Die Mobilfunkbetreiber Vodafone und Telefónica prüfen derzeit die Zusammenlegung ihrer Netze. Das berichtet die spanische Tageszeitung Expansion. Die Kooperation soll sich über mehrere Länder Europas erstrecken.
Die Telekomkonzerne Vodafone und Telefonica prüfen derzeit die Möglichkeiten des Zusammenschlusses ihrer Mobilfunknetze. Das berichtet die spanische Zeitschrift Expansion (Dienstagsausgabe), ohne Quellen zu nennen. Beide Unternehmen wollen die Kosten reduzieren, um die rückläufigen Einnahmen wieder aufzufangen. Vorläufige Planungen sehen eine eventuelle Zusammenarbeit in Spanien, Großbritannien, Irland, Deutschland, Italien und Tschechien vor.
In Großbritannien sollen die Gespräche über eine Netzkooperation zwischen Vodafone und der britischen Telefónica-Tochter O2 bereits weit fortgeschritten sein. Das berichtete die britische Tageszeitung The Guardian in der vergangenen Woche. Mit der Bekanntgabe werde in den nächsten Wochen gerechnet, allerdings müssen die britischen Wettbewerbshüter dem Zusammenschluss noch zustimmen. Vodafone arbeitet in Grossbritannien bereits mit Orange zusammen, dem Tochterunternehmen von France Telecom.
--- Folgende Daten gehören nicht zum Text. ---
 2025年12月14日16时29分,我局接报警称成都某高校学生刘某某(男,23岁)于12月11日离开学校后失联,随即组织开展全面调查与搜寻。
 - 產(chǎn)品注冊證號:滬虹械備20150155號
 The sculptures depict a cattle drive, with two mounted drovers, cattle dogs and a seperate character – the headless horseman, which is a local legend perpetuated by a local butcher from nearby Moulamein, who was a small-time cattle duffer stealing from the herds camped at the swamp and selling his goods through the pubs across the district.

Ein Zusammenschluss der Mobilfunknetze würde die Netzbetreiber finanziell enorm entlasten. Sie müssten so nicht länger parallele Netze aufbauen, sondern könnten einfach die benötigte Bandbreite kaufen. Doch wenn alle Mobilfunkanbieter den Aufbau und Betrieb ihrer Netze an den selben Netzausrüster auslagern, gleicht sich im schlimmsten Fall die Qualität nach unten an. Denn beim Faktor Erreichbarkeit oder bei der Sprachqualität wäre Vodafone dann genauso gut oder schlecht wie O2. Der Wettbewerb würde nur noch über den Preis geführt.
wann planen die ossis zusammenlegung von hirn und kopf?
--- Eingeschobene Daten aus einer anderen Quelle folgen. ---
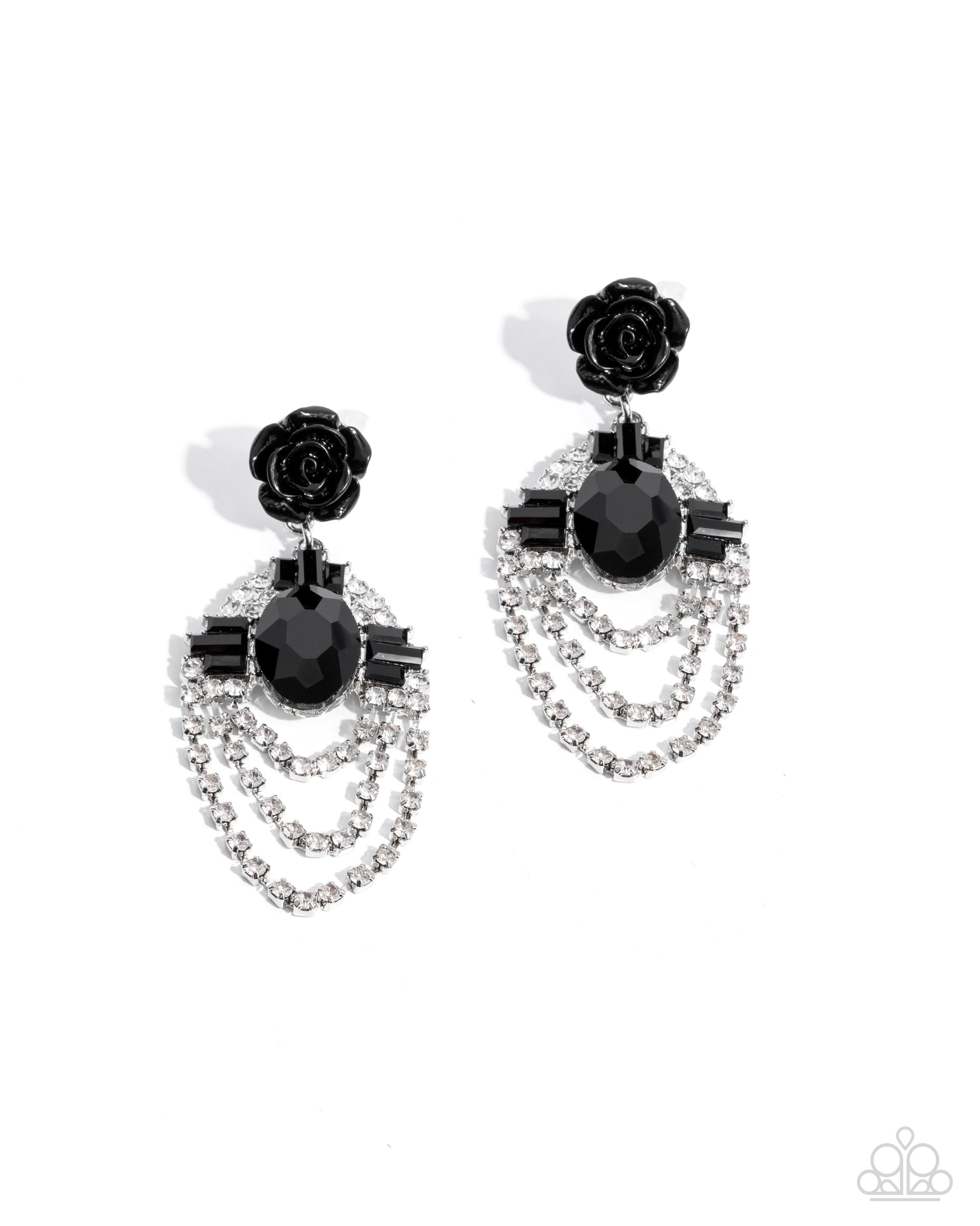 Con un tono negro, un poste con roseta brillante da paso a capas de diamantes de imitación blancos en accesorios cuadrados de plata unidos por tríos de gemas negras talladas en esmeralda que rodean una gema ovalada negra facetada para lograr un estilo romántico y rebelde. El pendiente se fija a un poste estándar.

Die Netze werden halt nicht weiter ausgebaut und wenn dann nur in den Städten
(höhere Datenrate) wo es sich lohnt. Wer jetzt auf dem Land ne schlechte
Versorgung hat muß halt damit Leben. Die Netzbetreiber sind ja kein Sozialamt
und der Merkel (macht nix) ist das so was von egal..
areamobile kommentare sind echt das beste
@Peter K.
Eigentlich gibt es in Deutschland keine reinen D und E-Netz
Betreiber mehr, die Netzbetreiber haben die Frequenzen-Pakete untereinander
getauscht.
Die einen Frequenzbereiche haben mit ihren unterschiedlichen
Wellenlängen halt vorteile im Land und die anderen in eher verbauten
Gebieten.
Meine Sorge ist eher dadrin, das somit vielleicht einzelne
Funkzellen schneller überlastet sind, wenn das Netz ausgedünnt wird.
Es geht ja darum die Netze besser auszunutzen z.B. im ländlichen Bereich. Wo der
eine ein schwaches Netz hat wird das einbuchen halt von dem anderen Netz
übernommen. Roaming im Inland wie bei o2 und D1 Netz.
.......deine zusammenlegung von geistiger rafinesse und sachlicher artikulation ist wohl keine gabe deiner minderen intelligenz !!!